What you should do
Strip the pictures and reproduce the rest of the listing exactly.

Exercise data: Begin

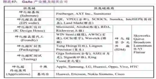 产业链上游为衬底制造,随后是GaAs外延(使用MOCVD、MBE等外延技术)。中游为晶圆加工和封测。下游为手机、基站等应用。住友电工、Freiberger、AXT三家公司占据约95%的GaAs晶圆市场份额。
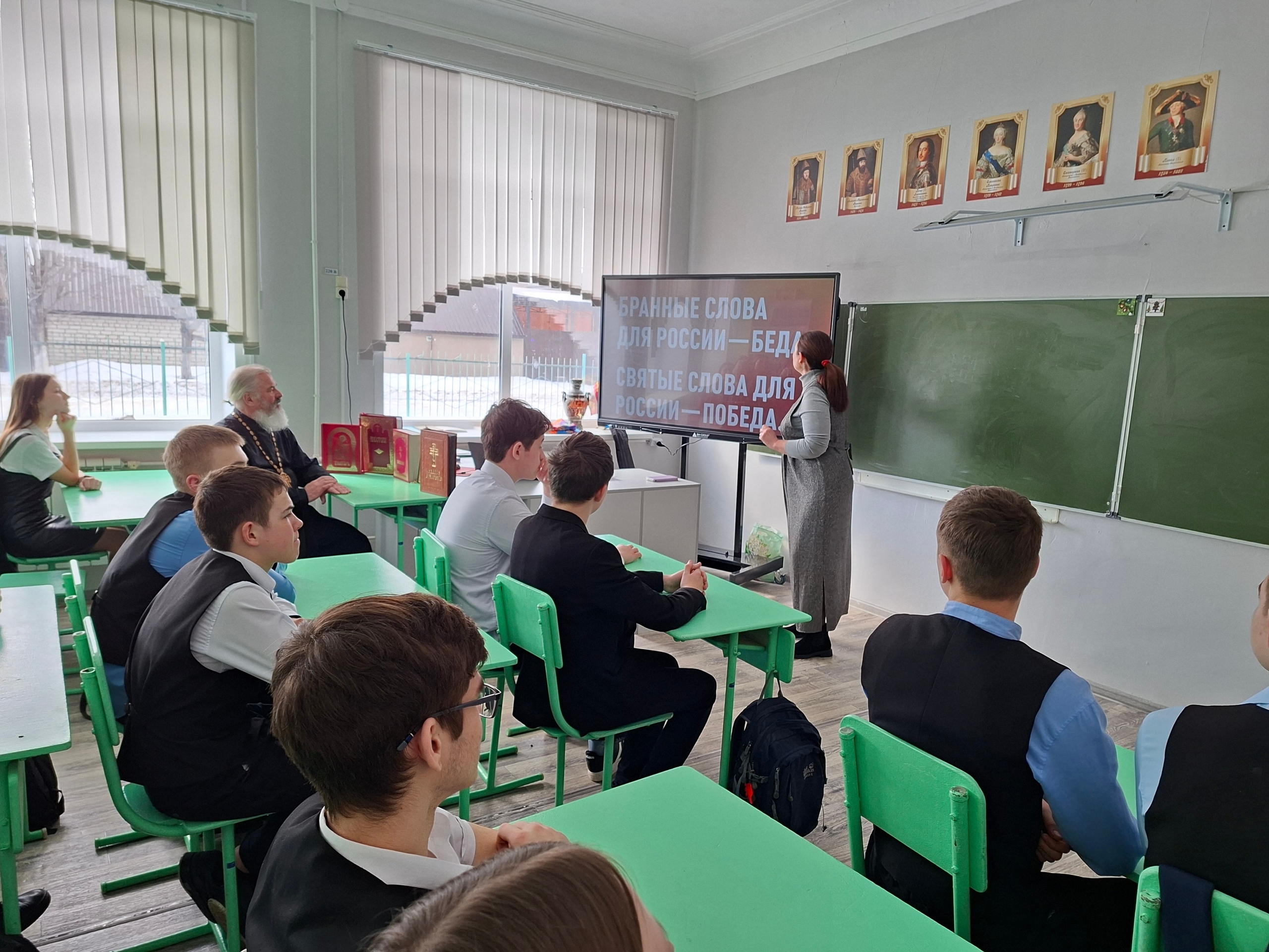 5 марта в МОУ-Лицей города Маркса состоялась встреча учащихся с настоятелем Свято-Андреевского храма протоиереем Валерием Генсицким и помощником настоятеля по миссионерской работе Татьяной Шерстобитовой. Гости провели со старшеклассниками просветительскую беседу на тему «Бранные слова для России — беда».
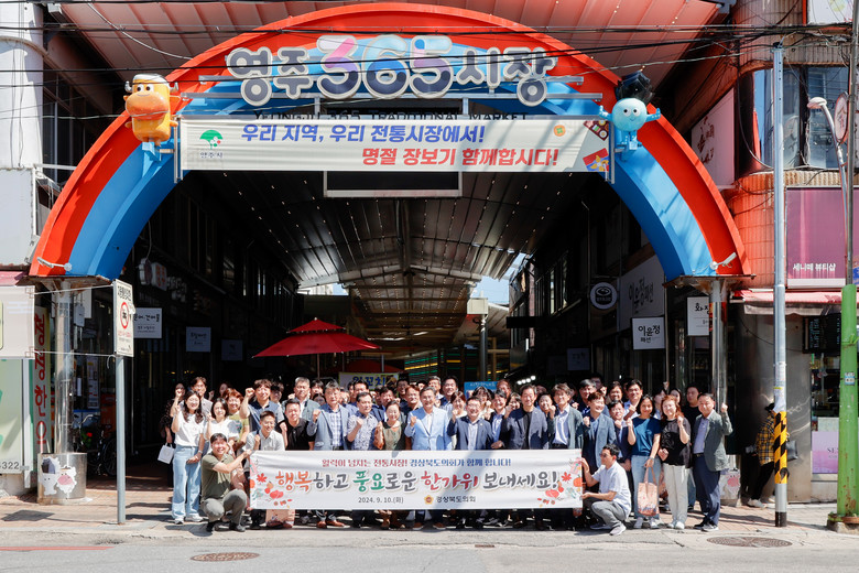 [경북 세계타임즈=한윤석 기자] 경상북도의회(의장 박성만)는 9월 10일(화) 추석명절을 맞아 박성만 의장, 임병하 도의원과 의회사무처 직원 60여명이 참여한 가운데 영주시 365시장을 방문해 전통시장 장보기 행사했다.

Exercise data: End

Your response
 产业链上游为衬底制造,随后是GaAs外延(使用MOCVD、MBE等外延技术)。中游为晶圆加工和封测。下游为手机、基站等应用。住友电工、Freiberger、AXT三家公司占据约95%的GaAs晶圆市场份额。
 5 марта в МОУ-Лицей города Маркса состоялась встреча учащихся с настоятелем Свято-Андреевского храма протоиереем Валерием Генсицким и помощником настоятеля по миссионерской работе Татьяной Шерстобитовой. Гости провели со старшеклассниками просветительскую беседу на тему «Бранные слова для России — беда».
 [경북 세계타임즈=한윤석 기자] 경상북도의회(의장 박성만)는 9월 10일(화) 추석명절을 맞아 박성만 의장, 임병하 도의원과 의회사무처 직원 60여명이 참여한 가운데 영주시 365시장을 방문해 전통시장 장보기 행사했다.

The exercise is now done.